Source data
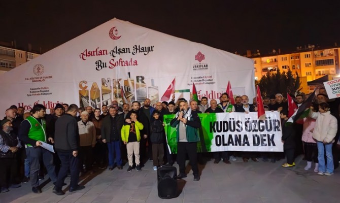 İHH Çankırı Şube Başkanı Hasan Kale tarafından yapılan basın açıklamasında şunlar söylendi: “Aksa’ya Sahip Çık!
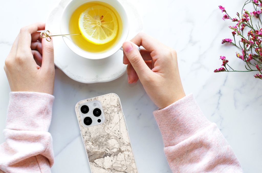 Dit design hoesje met Marmer Beige is voor de artistieke personen onder ons. De Grieken en Romeinen wisten het steen al te waarderen door het als bouw- en bekledingsmateriaal toe te passen. Naast het witte Carrara marmer met haar zacht grijze geaderde belijning zijn de diverse marmersoorten in een ruim kleurenpallet te krijgen. We hebben verschillende kleuren op design hoesjes gezet, zoals in dit geval beige marmer. Dit is een iPhone 15 Pro Max TPU Siliconen Hoesje met marmer in beige kleur. Het marmer wordt bedrukt op de voorkant van een tpu case, die beschikt over opstaande randen aan de voorkant en goed combineert met een screenprotector. De rijkheid aan kleuren en varianties in afwerking geeft designers de vrijheid om met marmer hele mooie architectonische projecten te realiseren. Wij hebben onze designer ook veel vrijheid gegeven. Het resultaat zie je terug in deze tpu case met beige marmer, die jouw smartphone goed beschermt. De zijkanten van de case worden niet bedrukt met marmer.
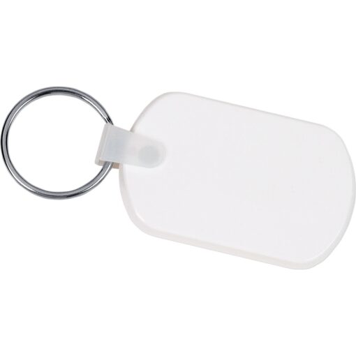 Rectangular soft key tag is thick and pliable. Includes metal split key ring. Product Size: 56mm (H) x 35mm (W) x 4.7mm (D). Available Colours: White. Material: PVC. MOQ: 50 | Quantity less than MOQ needs to be quoted, Please contact our staff.
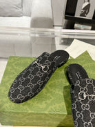 MEN'S MULE WITH HORSEBIT IN BLACK MONOGRAM JACQUARD FABRIC
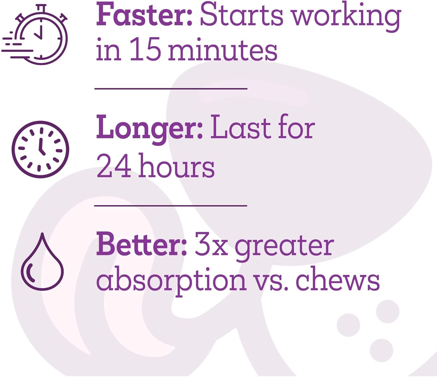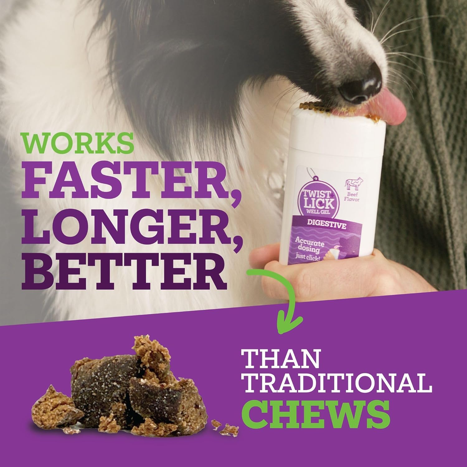 • Twist + Lick Digestive works fast by adhering to mucosal lining and releasing active ingredients into the bloodstream right away. That’s a fancy way of saying it sticks around in the mouth instead of going right to the digestive system. So, your pup gets the hip and joint relief it needs lightning fast.
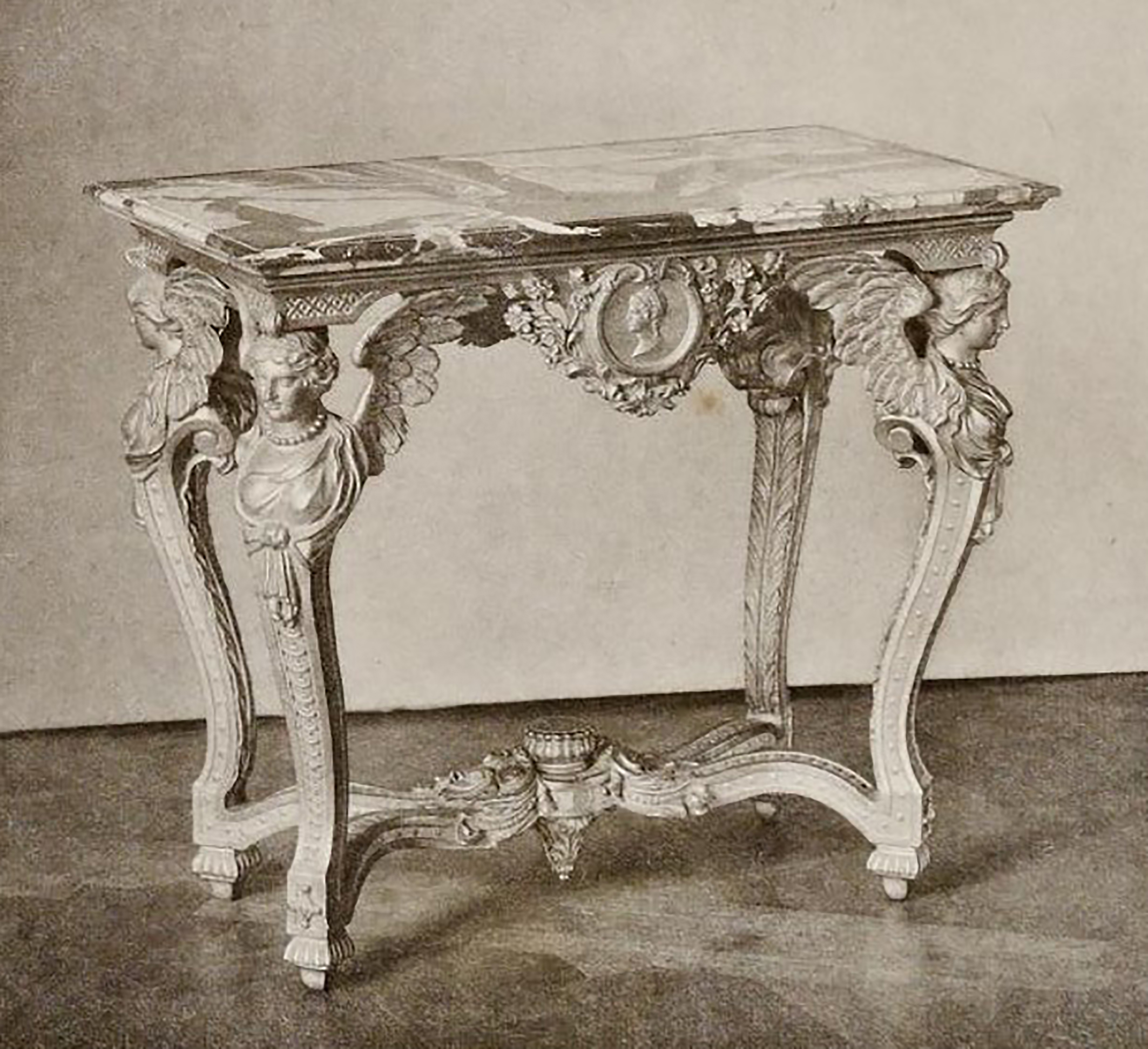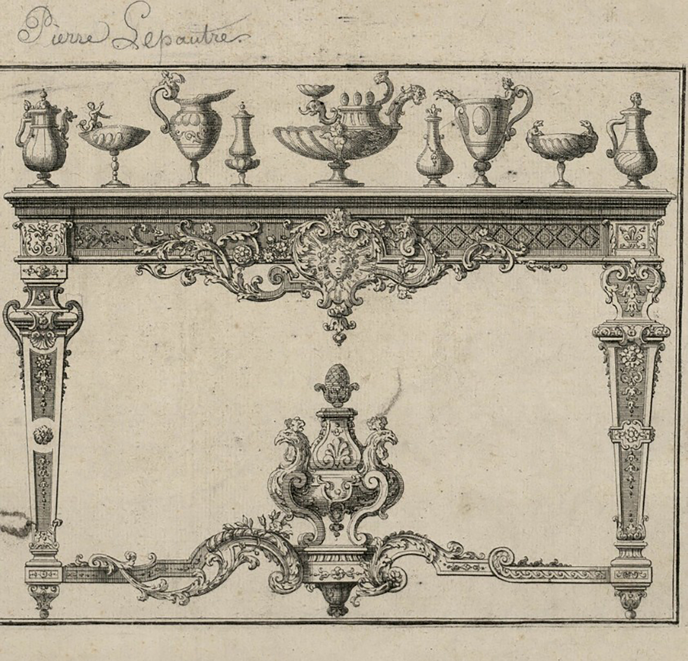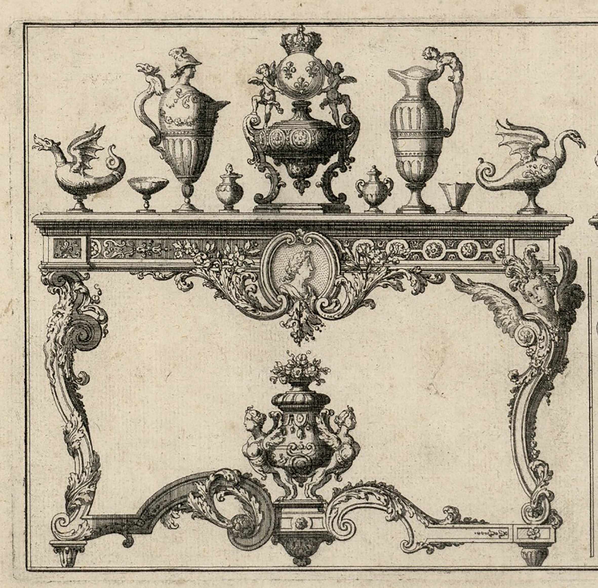 The console, from the collection of the Marquis of Harcourt-Olonde, is derived, without much modification, from a table engraved circa 1700 by Pierre Lepautre (c. 1652-1716), architect, engraver and ornamentalist, appointed in 1699 draughtsman of the Bâtiments du Roi, from his Livre de Tables qui sont dans les Apartemens du Roy sur lesquelles sont posée des Bijoux du Cabinet des Médailles. Dessiné et gravé par P. Le Pautre Graveur du Roy. Se Vend Chez Daigremont Rue Aubriboucher [Rue Aubry-le-Boucher in the 4th arrondissement in Paris] a l’image Ste. Genevève. Just like the King’s table, it is characterised by a large central medallion, ribboned and forming a projection, adorned with the profile of a male bust in the ‘antique style’, in the case at hand facing to the left and helmeted.

→ About this task
Pictures aside, give the data again exactly as it appears.

→ Answer to the exercise
 İHH Çankırı Şube Başkanı Hasan Kale tarafından yapılan basın açıklamasında şunlar söylendi: “Aksa’ya Sahip Çık!
 Dit design hoesje met Marmer Beige is voor de artistieke personen onder ons. De Grieken en Romeinen wisten het steen al te waarderen door het als bouw- en bekledingsmateriaal toe te passen. Naast het witte Carrara marmer met haar zacht grijze geaderde belijning zijn de diverse marmersoorten in een ruim kleurenpallet te krijgen. We hebben verschillende kleuren op design hoesjes gezet, zoals in dit geval beige marmer. Dit is een iPhone 15 Pro Max TPU Siliconen Hoesje met marmer in beige kleur. Het marmer wordt bedrukt op de voorkant van een tpu case, die beschikt over opstaande randen aan de voorkant en goed combineert met een screenprotector. De rijkheid aan kleuren en varianties in afwerking geeft designers de vrijheid om met marmer hele mooie architectonische projecten te realiseren. Wij hebben onze designer ook veel vrijheid gegeven. Het resultaat zie je terug in deze tpu case met beige marmer, die jouw smartphone goed beschermt. De zijkanten van de case worden niet bedrukt met marmer.
 Rectangular soft key tag is thick and pliable. Includes metal split key ring. Product Size: 56mm (H) x 35mm (W) x 4.7mm (D). Available Colours: White. Material: PVC. MOQ: 50 | Quantity less than MOQ needs to be quoted, Please contact our staff.
 MEN'S MULE WITH HORSEBIT IN BLACK MONOGRAM JACQUARD FABRIC
 • Twist + Lick Digestive works fast by adhering to mucosal lining and releasing active ingredients into the bloodstream right away. That’s a fancy way of saying it sticks around in the mouth instead of going right to the digestive system. So, your pup gets the hip and joint relief it needs lightning fast.
 The console, from the collection of the Marquis of Harcourt-Olonde, is derived, without much modification, from a table engraved circa 1700 by Pierre Lepautre (c. 1652-1716), architect, engraver and ornamentalist, appointed in 1699 draughtsman of the Bâtiments du Roi, from his Livre de Tables qui sont dans les Apartemens du Roy sur lesquelles sont posée des Bijoux du Cabinet des Médailles. Dessiné et gravé par P. Le Pautre Graveur du Roy. Se Vend Chez Daigremont Rue Aubriboucher [Rue Aubry-le-Boucher in the 4th arrondissement in Paris] a l’image Ste. Genevève. Just like the King’s table, it is characterised by a large central medallion, ribboned and forming a projection, adorned with the profile of a male bust in the ‘antique style’, in the case at hand facing to the left and helmeted.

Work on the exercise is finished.